The Amery Ice Shelf Ocean Research (AMISOR) project is a new multi-year research project of the Australian Antarctic Division and the Antarctic CRC which aims to investigate the interaction between the Amery Ice Shelf and the ocean. The project will provide an assessment of the role of the Amery Ice Shelf in the ice sheet mass budget, and in driving deep ocean circulation.
Floating ice shelves, which fringe the Antarctic continent, are the main pathway for ice loss from the ice sheet, either via iceberg calving from their outer margins or as basal melting in the ocean cavities beneath. The Amery Ice Shelf, the largest in East Antarctica, drains the Lambert Glacier — Amery Ice Shelf system, which accounts for 16% of the area of the grounded East Antarctic ice sheet.
Melt and refreezing processes on the underside of the floating shelves can be significant, but are poorly understood. As much as 50% of the total ice draining from the Lambert Glacier system is lost as melt beneath the Amery. The modification of ocean water properties that results from melting and freezing processes under ice shelves may be important in the formation of Antarctic Bottom Water, and hence critical in global ocean circulation.

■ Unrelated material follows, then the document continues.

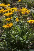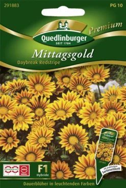 Die Mittagsgold ‚Daybreak Red Stripe F1‘ (Gazania rigens) ist eine beliebte Pflanze für den Balkon, die während der gesamten Saison unzählige gelb-rote Blüten bildet. Die mittelgrünen Blätter sind lanzettlich. Ein sonniger Standort und ein durchlässiges Substrat werden bevorzugt. Der beste Zeitraum für die Aussaat unter Glas ist von Februar bis April.

Ice shelves are always thickest (800m or more) closest to the point where they are joined to the grounded continental ice, and thinnest (~250m) at their seaward front. The freezing point of sea water decreases with pressure, so as cold salty ocean water flows under an ice shelf it can come into contact with the shelf ice at a depth where it is above the local freezing point, and hence cause melt. This melt freshens the seawater and makes it more buoyant so that is rises again along the sloping underside of the ice shelf. Eventually it will reach a point where it is once more below the freezing point, and new ice crystals are nucleated and may adhere to the underside of the ice shelf in a layer known as ‘marine ice’ (Figure 1).
There is also a horizontal pattern to the distribution of melting and freezing under the ice shelf, linked to the clockwise ocean circulation. Recent work at the Antarctic CRC by Helen Fricker has delineated the distribution of marine ice from satellite radar altimeter data, and ice thickness soundings. In places the accreted marine ice is almost 200m thick (Figure 2).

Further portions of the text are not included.